Hand sanitizer alcohol abuse has gained popularity because it’s easily obtained by underage drinkers, is relatively cheap, and has very high alcohol content. The high alcohol content is part of the danger of hand sanitizer alcohol abuse. Hand sanitizers have alcohol concentrations of up to 70 percent—that’s 140 proof, whereas most liquors-whiskey, vodka, and gin, have a concentration of 45 percent alcohol (80 proof.) Often, teens engaging in hand sanitizer alcohol abuse down shots of the gooey liquid without realizing how much stronger it is. By the time the alcohol is metabolized, they have drunk far more than they realized. The accessability of the Internet has propelled hand sanitizer alcohol abuse as teens are finding recipes online to help make hand sanitizer more palatable. Some teens are mixing the gel with salt to break it down to a liquid.


Hand sanitizer alcohol abuse is just the latest development in bizarre teen drug use which includes vodka tampons and semi-legal synthetic drugs such as synthetic cannabis (“spice” or “K2) and bath salts. Both the risky behavior of teens and the danger of such drug use could be traced back to adolescent brain development. A recent study determined that brain development is not fully complete until age 25. Before the brain fully develops, it lacks the connections that allow reasoned decision making. This is why teens have poor impulse control and are somewhat lacking in common sense.

The fact that a teen’s brain and body has not fully developed makes hand sanitizer alcohol abuse and other forms of underage drinking more dangerous. Underage drinking can affect the brain’s development. Subtle changes in the brain may be difficult to detect but still have a significant impact on long-term thinking and memory skills. Underage drinking can also cause liver damage, especially if the teen is overweight or obese. In addition, drinking alcohol prior to or during puberty may upset the critical hormonal balance necessary for normal development of organs, muscles, and bones.

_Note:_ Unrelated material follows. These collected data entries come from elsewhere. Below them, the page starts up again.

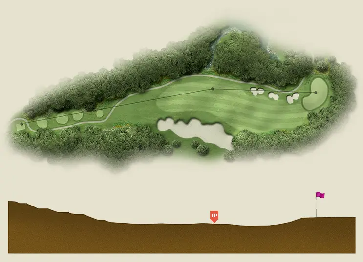 약간 내려치는 홀로 그린이 능선아래 자리 잡고 있어 안정된 느낌을 주는 Par 4홀이에요. 우측 대형벙커를 조심하고 그린 우측 끝 방향으로 티샷 하는 것이 좋아요. 좌측 뒤쪽으로 흐르는 경사가 있는 그린이므로 핀 오른쪽으로 공략하는 것이 좋아요.
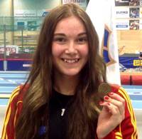 Det var en mycket glad Emilia Stenström efter att hon säkrat SM-bronset i mångkamps-SM. Den mycket träningsambitiöse Emilia tog medaljen i F17 efter den här serien: 60 hä/9,57 - höjd/1.64 - kula/12.23 - längd/5.12 - 600/1.51,04.
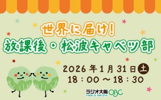 1月31日(土) 午後6時からは、今が旬の甘くてみずみずしい「松波キャベツ」をご紹介する特別番組『世界に届け!放課後・松波キャベツ部』をお送...
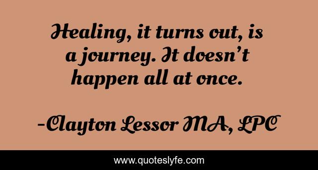 "Clayton Lessor MA, LPC Quotes." Quoteslyfe.com, 2025. Mon. 08 Dec. 2025. <https://www.quoteslyfe.com/quote/Healing-it-turns-out-is-a-journey-86050>.
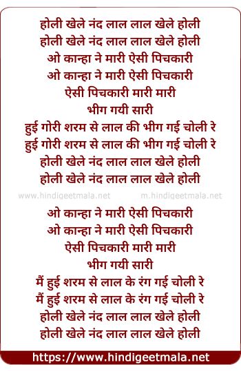 Lyrics of Holi Khelein Nand Laal, Laal Khele Holi Kanha Ne Mari Aise Pichkari - होली खेले नंद लाल, लाल खेले होली कान्हा ने मारी ऐसी पिचकारी
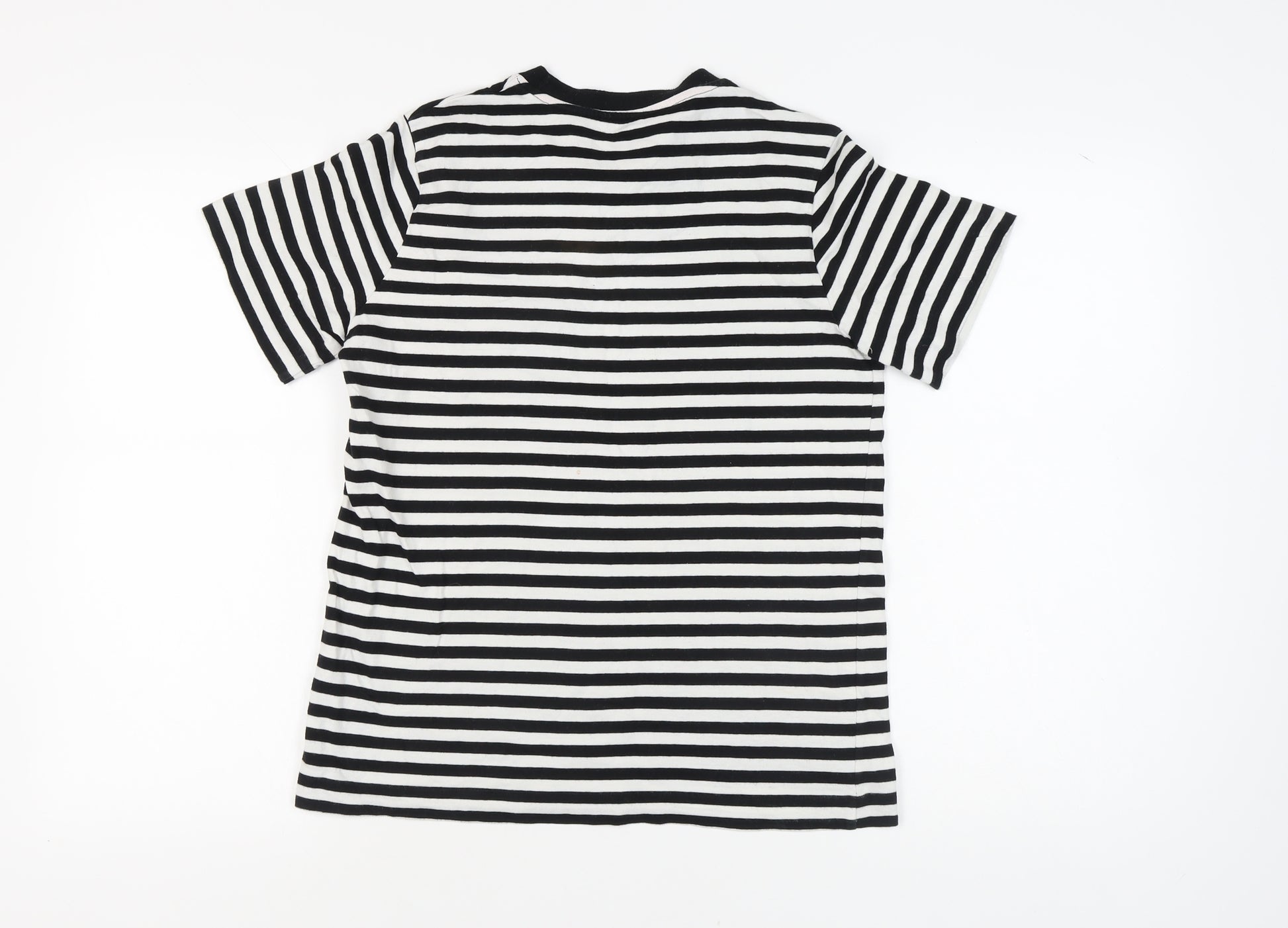 Step into a world of chic simplicity with this elegant Massimo Dutti Women's Black Striped T-Shirt. Tailored for those who embrace a timeless style, this regular fit top combines a classic ringer design with a contemporary flair. Crafted from premium cotton jersey, it ensures lasting comfort and breathability, making it ideal for all-day wear. The black stripes add a sophisticated touch, suiting every casual occasion effortlessly.Featuring a crew neck and short sleeves, this T-shirt provides a relaxed yet polished look. Its neatly accented pocket brings an additional layer of style, enhancing its casual charm. Whether paired with jeans for a laid-back outing or layered under a jacket for a more refined appearance, this versatile piece adapts to your personal style seamlessly.Made with attention to detail and premium materials, this T-shirt is easily machine washable, adding convenience to your wardrobe care routine. Although gently worn, it remains in excellent condition without any visible wear or tear marks. Perfect for those who value understated elegance, this Massimo Dutti T-shirt is a must-have addition to your collection. Enjoy this stylish essential that promises both comfort and fashion, priced at just £12.00.

Some parents and school officials have made an effort to limit the availability of alcohol based hand sanitizer in homes and schools. However, hand sanitizer alcohol abuse isn’t that different from other types of teen substance abuse and the best way to combat it is with an open discussion. Unfortunately, more than a quarter of parents with teenage children have never had a discussion with them about alcohol or drug use. Parents are urged to be clear, firm and consistent when discouraging their teen from underage drinking and engaging in these risky new “legal” ways to get high. drug. Parents should also assure their teen that they will not be alone in turning down drugs and alcohol. In fact, teen alcohol abuse is on the decline nationally. Talking with your children early and often about hand sanitizer alcohol abuse can make a difference. It’s best to instill an open door policy about drugs and alcohol with your children.